Under continued attack-related congestion, flow-controlled applications will continue to increase their back-off time between re-transmissions. From the user’s perspective, their workload is not being processed; a DoS situation has occurred [8].

3.3. Torrent Poisoning Attack

The torrent poisoning attack is the sharing of corrupt, virus-infected, or misleading file names using the BitTorrent protocol. The “copyright industry” uses pollution attacks to corrupt the targeted content and share it, rendering it unusable [9]. Unable to distinguish polluted files from unpolluted files, unsuspecting users download the contaminated files into their file-sharing folders, from which other users may then later download the polluted files. In this manner, polluted files spread through the file-sharing system. Often, users look for torrents with a greater number of peers, increasing the chances of a successful download. An example of this type of attack is one that occurred on 1 June 2022, in which a Google Cloud Armor customer was targeted with a series of HTTPS DDoS attacks, which peaked at 46 million requests per second. This is the largest Layer 7 DDoS reported to date—at least 76% larger than the previously reported record. Approximately 22% (1169) of the source IPs corresponded to BitTorrent exit nodes, although the request volume from those nodes represented just 3% of the attack traffic. They believe that BitTorrent’s participation in the attack was incidental due to the nature of the vulnerable services, even at 3% of the peak (more than 1.3 million requests per second). Their analysis shows that BitTorrent exit nodes can send a significant amount of unwelcome traffic to the web applications and services [10].
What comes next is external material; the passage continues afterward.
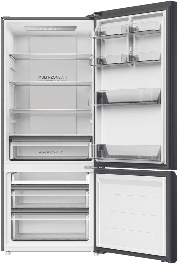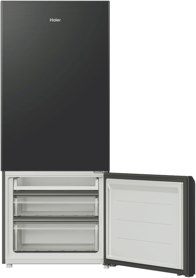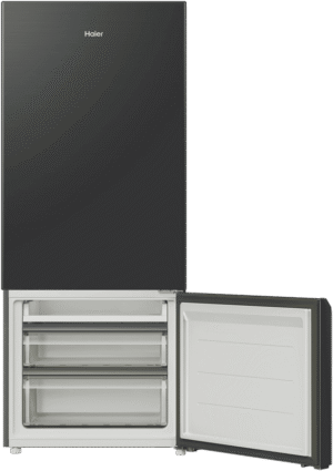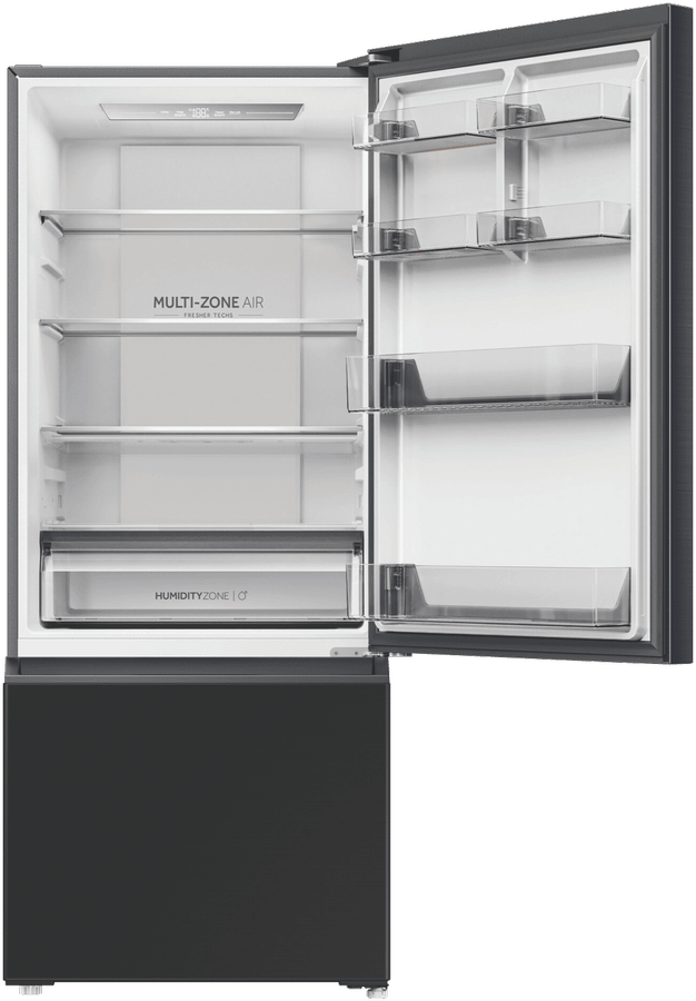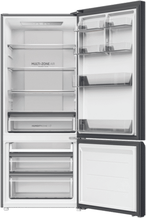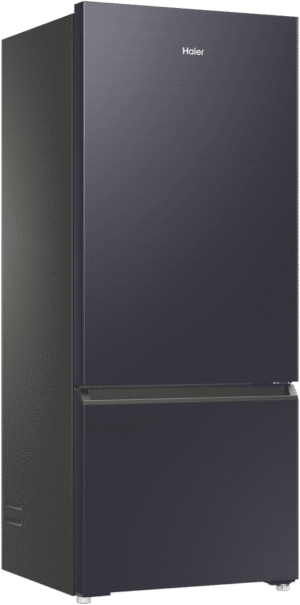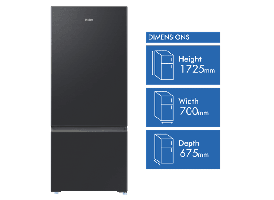 Bring home spacious and flexible refrigeration with the Haier 433L Bottom Mount Refrigerator. This fridge comes with a sleek black finish that will seamlessly blend into your kitchen decor. The generous 433 litre total capacity includes a large 321 litre fridge compartment and a 112 litre freezer, providing ample storage solutions for all your fresh and frozen foods. The bottom mount design ensures easy access to frequently used fridge items, while keeping frozen foods within easy reach below. Dual hinged doors and reversible door swing cater to both left and right opening preferences. Interior features like Humidity Zone, Multi-Zone Air and Super Freeze ensure optimised conditions for storing all types of food. The 5.5 star energy rating significantly reduces running costs while the fingerprint resistant finish simplifies cleaning. With separate temperature controls for the fridge and freezer, you can customise cooling as needed. Recessed handles and a smooth black finish give this refrigerator a minimalist, modern look.At 700mm wide, 1725mm high and 675mm deep, this freestanding fridge is designed to fit most kitchen spaces. It comes with a 2 year manufacturer’s warranty for peace of mind. The manufacturer’s part number for this product is HRF420BC. Check out the Haier 433L Bottom Mount Refrigerator for high capacity refrigeration with flexible storage and energy efficient performance.

3.4. Torrent Index Poisoning Attack

Trackers are fundamental for the BitTorrent protocol since they are the servers that share the peers list, being contacted regularly by the clients. A torrent file contains several pieces of information about the file(s) to download, trackers, hash, etc. For example, from the Debian web site, it is possible to download the Linux distribution via torrent. To analyze the latest version, the .torrent provides the information in Figure 3.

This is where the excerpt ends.